182. The influence of Spanish on the Mayan language has been much greater, especially in this last century. The principal reason for this strong influence seems mostly to be because of the new technology being brought into the Mayan culture via the Hispano-Mexican culture. Many of the words which come with this technology are part of the global technological vocabulary while others are from the Spanish vocabulary or from the regional Mexican vocabulary. There are also other words from these technologically advanced cultures which are also being brought into the Mayan language. Thus baseball and sandwich as well as refrigerador and television are words which are to be found in Mayan today. However even as early as 1557 when the Mani land treaty was written Maya showed the propensity to incorporate new terminology in their language. At that time Spanish terminology for various official positions and political apparatuses had already been brought into use: gobernador, juez, alcalde, regidor, audencia, provincia, etc. Also for some reason it became immediately fashionable to have Spanish first names: Fransico de Montejo Xiu, Juan Cocom, Juan Hau, Gaspar Antonio Chi, etc.
Aside from the names for the items which are new to the Maya and the use of Spanish numbers mentioned in Sections 7 and 71, the Yucatecan Mayan language has stayed in remarkably good state of preservation despite the long continuous contacts with outside cultures. This can be seen in the modern short stories given in the Anthology section of this book. It is true that there are those speakers of the Mayan language today who tend to mix in a large Spanish vocabulary when speaking Mayan, with some people using up to or more than 25% Spanish. However, except for the things mentioned above it is almost always possible to find a perfectly good and well used Mayan word for most of the Spanish words interjected into the Mayan language.
183. Spanish words used in Mayan usually suffer a tonal change as was mentioned about numbers in Section 7. Spanish words are also with some frequency mispronounced, especially those words which have in them letters which are not normally used in the Mayan language.
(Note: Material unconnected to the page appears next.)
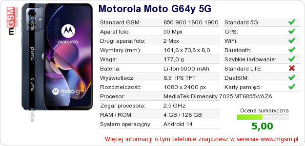 Dane telefonu Motorola Moto G64y 5G na Twojej stronie
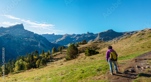woman hiker walking in the Pyrenees mountains near the Pic Ossau

184. Spanish verbs are turned into Mayan verbs by tacking on the following suffixes:
|-tic, -tah, -mah, -te
|-, -nahi, -nahaan, -nac
|-taal, -tabi, -taan, -taac
Conpesar (to confess):
conpesartic, conpesartah, conpesarmah, conpesarte
conpesar, conpesarnahi, conpesarnahaan, conpesarnac
conpesartaal, conpesartabi, conpesartaan, conpesartaac
185. Spanish nouns are not altered except for pronunciation when brought into the Mayan language. However the method by which the plural of these nouns is formed is quite varied. In some instances just the Spanish plural form is used. In other instances the Mayan plural marker -oob is appended to the plural form of the Spanish noun. This is the preferred method. And finally in some instances the Spanish noun has the Mayan plural marker attached directly to it. It seems that the choice of which type of plural marker to use is subject to individual preference and not to some set of rules.